1. Technical Field
This invention generally relates to computer system memory, and more specifically relates to ways of scrubbing computer system memory to correct errors.
2. Background Art
Since the dawn of the computer age, computer systems have evolved into extremely sophisticated devices that may be found in many different settings. Computer systems typically include a combination of hardware (e.g., semiconductors, circuit boards, etc.) and software (e.g., computer programs). One key component in any computer system is memory.
Modern computer systems typically include dynamic random-access memory (DRAM). DRAM is different than static RAM in that its contents must be continually refreshed to avoid losing data. A static RAM, in contrast, maintains its contents as long as power is present without the need to refresh the memory. This maintenance of memory in a static RAM comes at the expense of additional transistors for each memory cell that are not required in a DRAM cell. For this reason, DRAMs typically have densities significantly greater than static RAMs, thereby providing a much greater amount of memory at a lower cost than is possible using static RAM.
Modern DRAM memory controllers use a technique known as “scrubbing” to automatically detect and correct soft errors that may arise in memory that are typically caused by alpha particles.
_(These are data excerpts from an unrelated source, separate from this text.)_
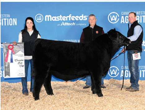
LOT 1 | CWA Intermediate Calf Champion
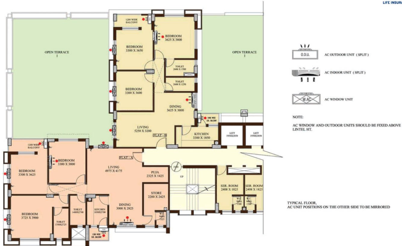
DIAGRAM SHOWING SUGGESTED LOCATIONS OF AIR CONDITIONING UNIT TO MAINTAIN BUILDING ELEVATION
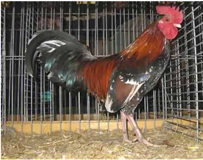
Left: Tournaisis (bantam) cockerel, spangled.
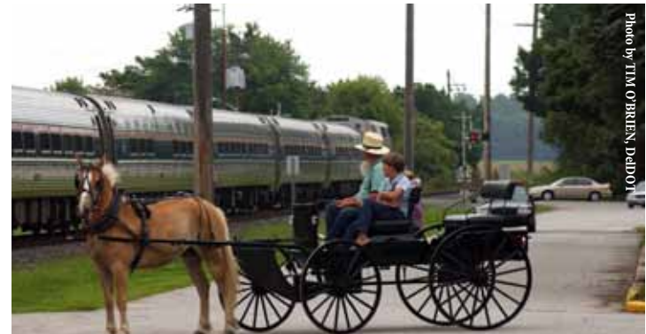
Delaware's 2004 Rail to the Fair excursion vicinity of Wyoming, Delaware.
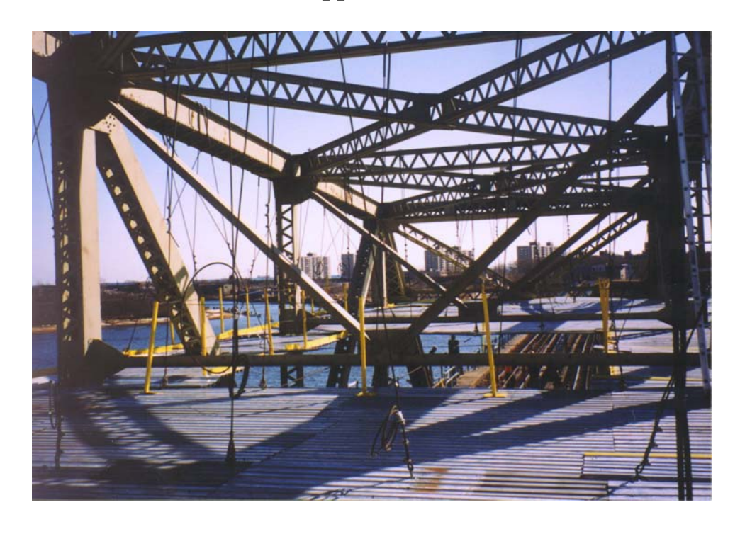
Intermediate Level Cable Supported Platform
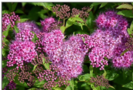
Anthony Waterer Spirea flowers
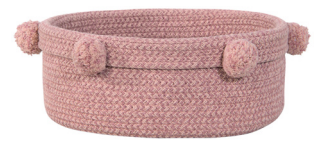
COTTON BASKET Tray Brick Ash Rose BSK-TRAY-ASH 12 x Ø30 cm 500 g
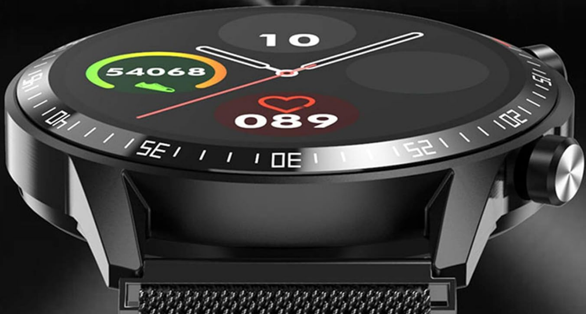
Image 4.1: The smartwatch features a large, tempered glass screen with 240x240 pixel resolution, offering clear picture quality and rich colors. It highlights 1.3-inch display, CNC highlight bevel, and G+F Touch.
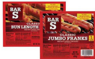
BAR S BUN LENGTH, CHICKEN, OR JUMBO MEAT FRANKS select varieties 1 lb.
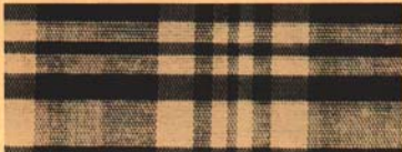
This is a 100 percent Dacron fabric. Soil does not penetrate.

Polyesters (Dacron, Fortrel, Kodol, and Vycron) with their ability to resist wrinkles will contribute to wrinkle resistance of fabrics. Acrylics (Orlon, Zefran, Acrilan, Creslan) will contribute to shrink and stretch resistance or shape retention.
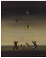
Candido Portinari (Brazilian 1903-1962), Meninos soltando pipas , oil on canvas, painted in 1941. Price realized: $1,443,750
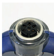
Secure Lumberg Connector

Rugged Waterproof Polycarbonate Case with BioCote® Antimicrobial Protection
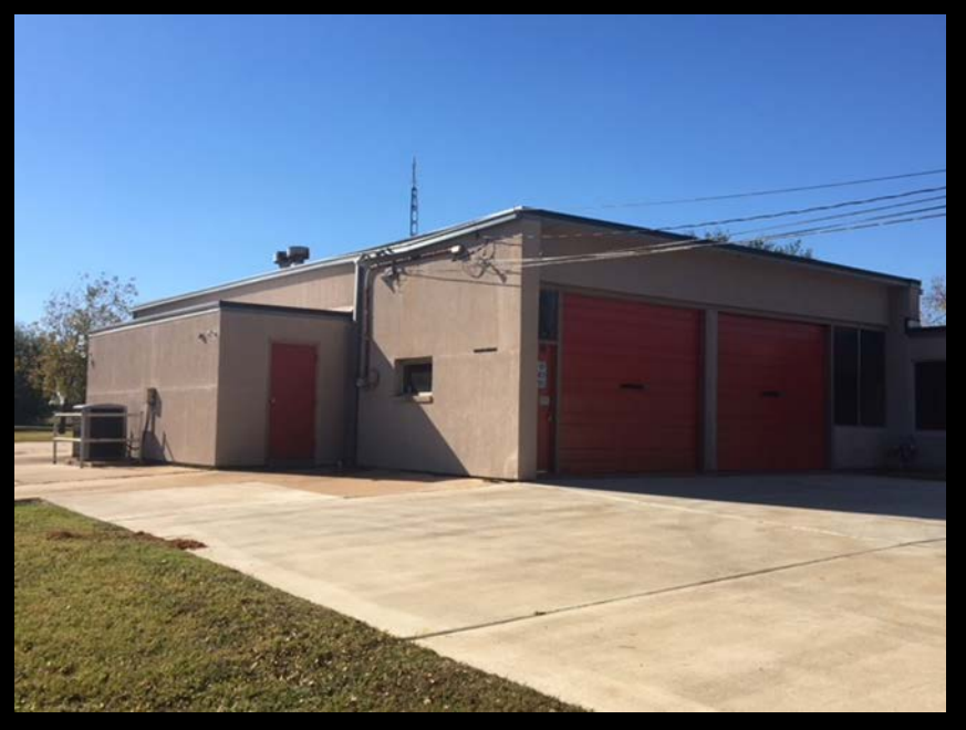
Retired Fire Station # 5
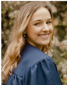
Isabel Theater/Drama Teacher

Because of God's faithfulness seen through your generous support we are now positioned to add Kindergarten and a Theater/Arts program next school year. Our plan is to be a K-8 school by 2023.
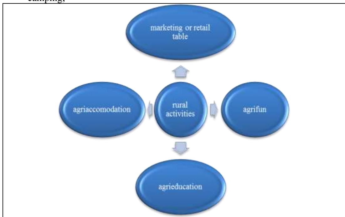
Figure 3. Classification of rural activities

Rural tourism, at national level, differs from agritourism, because the activities:
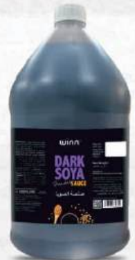
1 Gallon(3.78Ltr) (HDPE Jar)
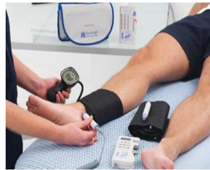
Sonicaid SD2 Vascular Assessment Kit
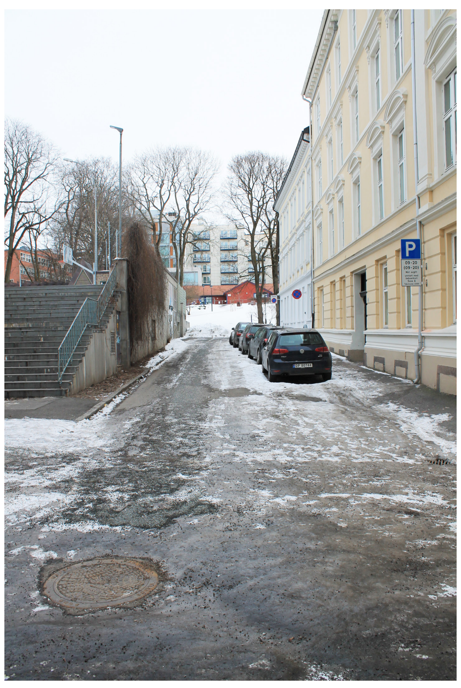
Standing in Reichweins gate, looking down Børvens Løkke with Ankerhagen Park in the end of the street.
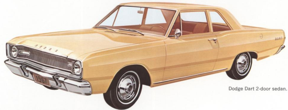
Dodge Dart 2-door sedan.

All-vinyl Dart Series interior. Standard.
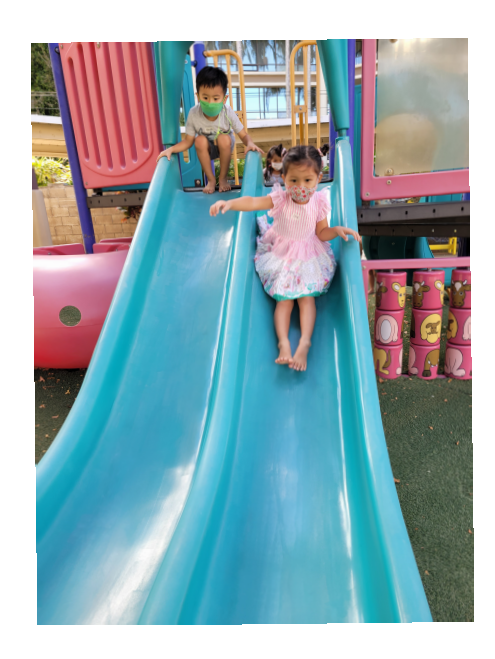
Fun in the Sun - Students in B3 enjoy sliding down the slide on a nice September morning.
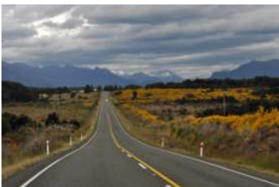
The Famous Milford Road

No road encompasses the scenic beauty of New Zealand quite like Milford Road.
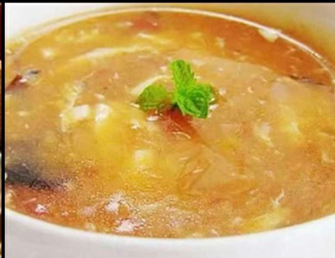
Sour and spicy soup 3 5. 50€ (egg. mushroom. Chicken. Chili)
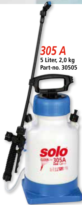
305 A 5 Liter, 2,0 kg Part-no. 30505
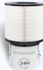
Neat oil solution kit S800 Part number: 20-244-30-001
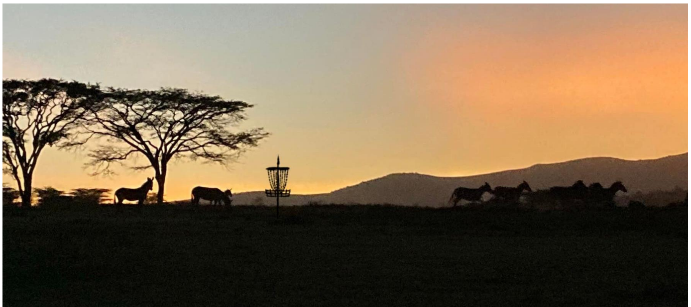
Sunset over the Rimpa Wildlife Conservancy near Nairobi, Kenya
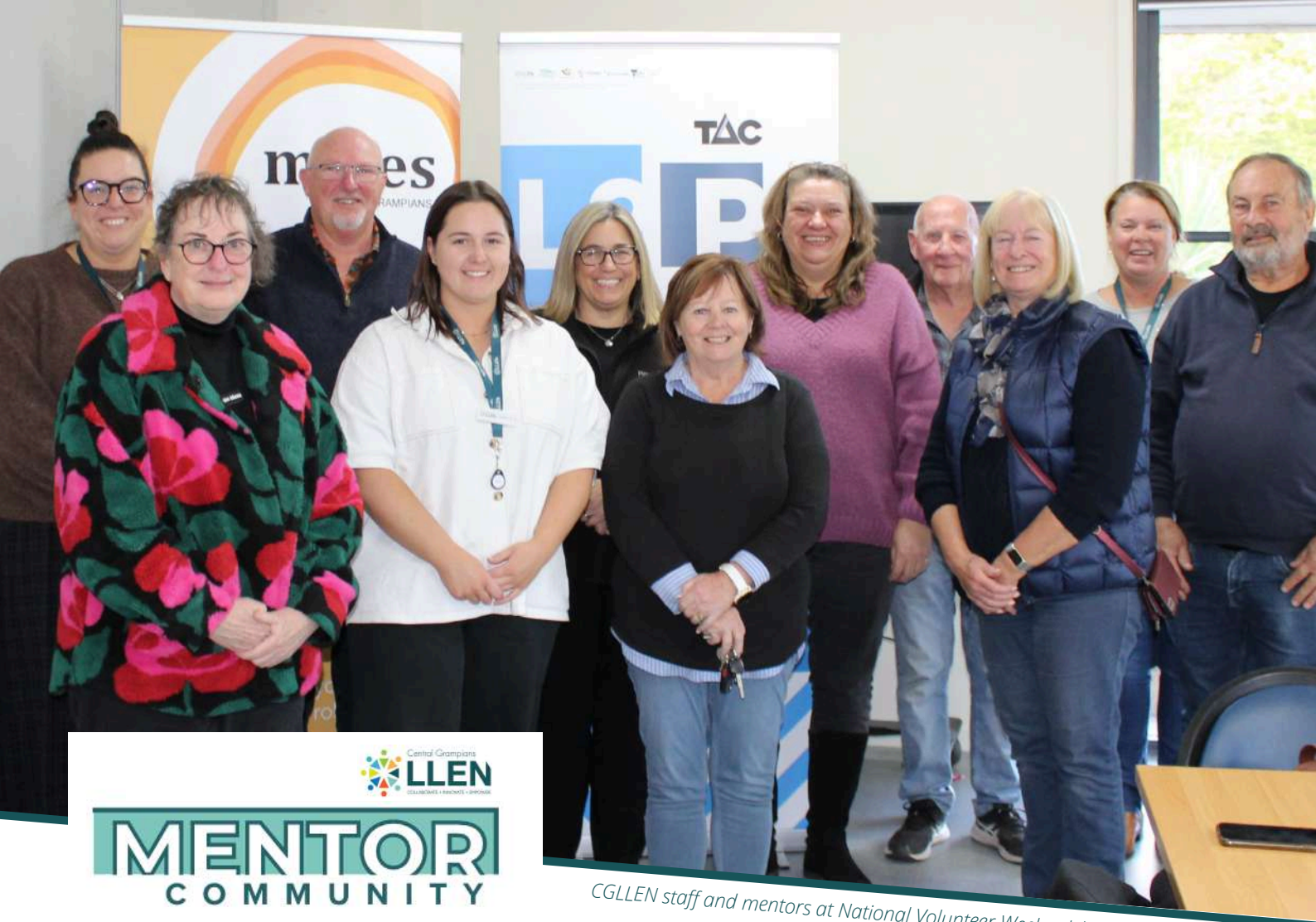
CGLLEN staff and mentors at National Volunteer Week celebrations in Stawell.
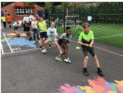
Year 5 loved participating in all the events in Sports' Day. They especially loved the Tug-of-War
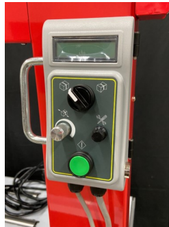
Turning Operating Control Panel
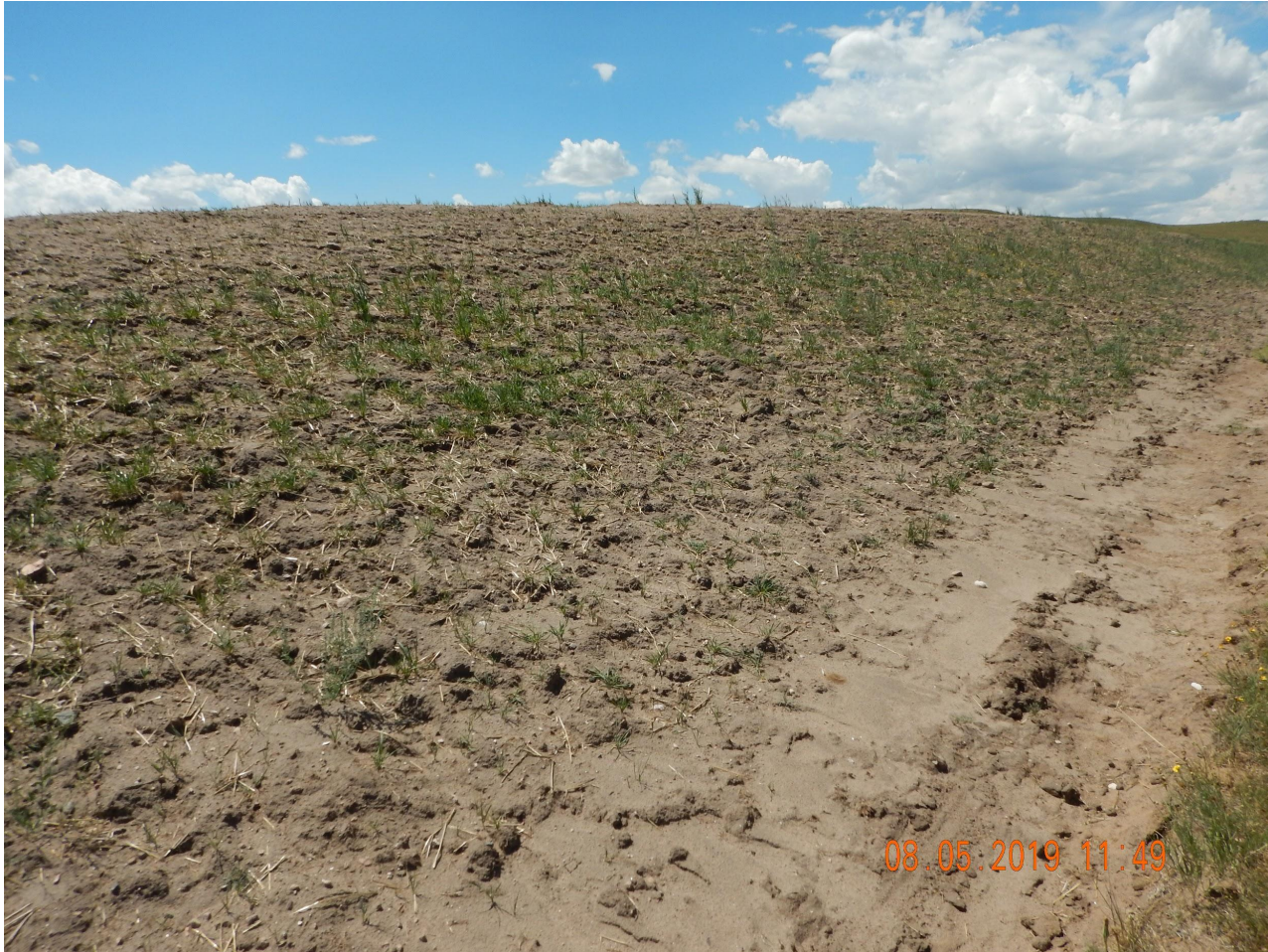
Photo 7. Photo taken from the topsoil stockpile along the northern location, facing North. Photo illustrates Operator has seeded the stockpile which is currently in-process.
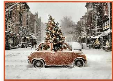
Shenandoah Region Antique Automobile Club of America

Our annual Christmas party was held at West Oaks Event Venue in Winchester. We had a nice turnout - a total of 44 signed up, so we nearly filled 6 tables of 8 seats each. There was plenty to eat (we even got boxes to take home leftovers), and a lot of "motor-metering" going on, especially during the social hour before the buffet.
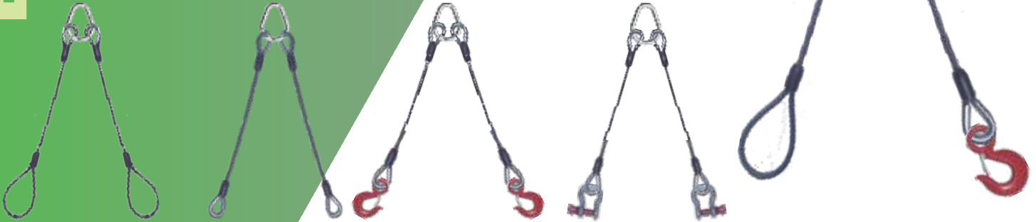
Tabla de longitud de ojos
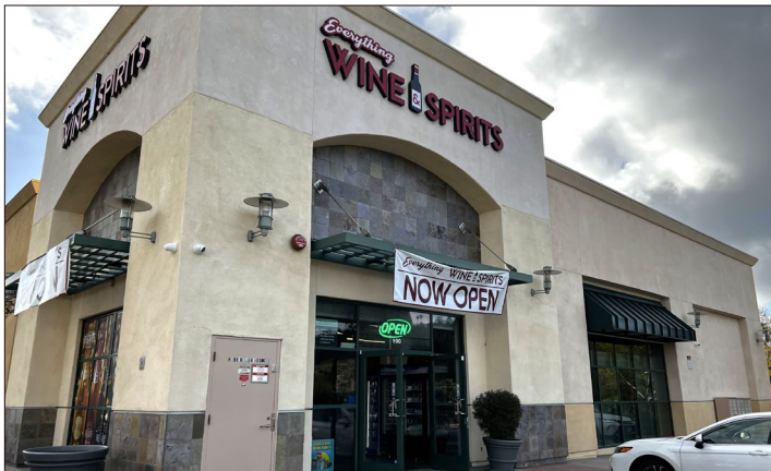
Everything Wine & Spirits at 4161 Oceanside Blvd., Ste 100. in the Del Oro Marketplace, offering a wide variety of spirits, wine and beer.
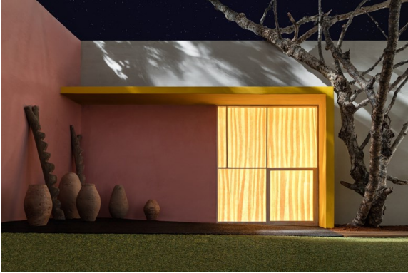
Yellow Overhang with Patio, Casa Galvez, 2016 © James Casebere, Courtesy Sean Kelly, New York

The resulting images invite the viewer to dive into a meditative space. It is difficult not to lose oneself in the composition of bright colours, warm light, and simplicity of design – all elements which work harmoniously together to create a kind of emotional respite. What better eye candy for a dreary Monday morning?

Sophisticated error correction circuitry has been developed that allow detecting any single-bit error, or any single-symbol error in a DRAM. A single-bit error occurs when one bit at a specified address changes state unexpectedly. A single-symbol error occurs when multiple bits within a packet (or symbol) at a specified address in a single DRAM chip change state unexpectedly. During a typical scrub cycle, a cache line is read, causing a corresponding read of the data from memory. The error correction circuitry detects if there are any single-bit or single-symbol errors, and if so, generates the correct data, which is then written to the cacheline, and in turn, back to the memory. In this manner, the scrub circuitry may successfully recover from any single-bit or single-symbol errors in memory. In many computer systems, the scrub circuitry tries to scrub all of system memory at least one each day. A brief description of memory scrubbing is found in IBM Enterprise X-Architecture Technology, First Edition 2002, pp. 19-21, which is incorporated herein by reference.
A scrub cycle typically occurs when there are no pending processor reads or writes to memory. Once the scrub cycle starts, the entire read-correct-write sequence is performed as an atomic operation to assure data integrity. If processor reads occur just after the read operation in the scrub cycle, the processor reads have to wait until the atomic read-correct-write scrub operation is performed. As a result, prior art memory controllers negatively affect system performance when performing scrub cycles. Without a way for performing scrub cycles in a way that does not make processor read cycles wait, the computer industry will continue to be plagued with decreased performance during scrub cycles.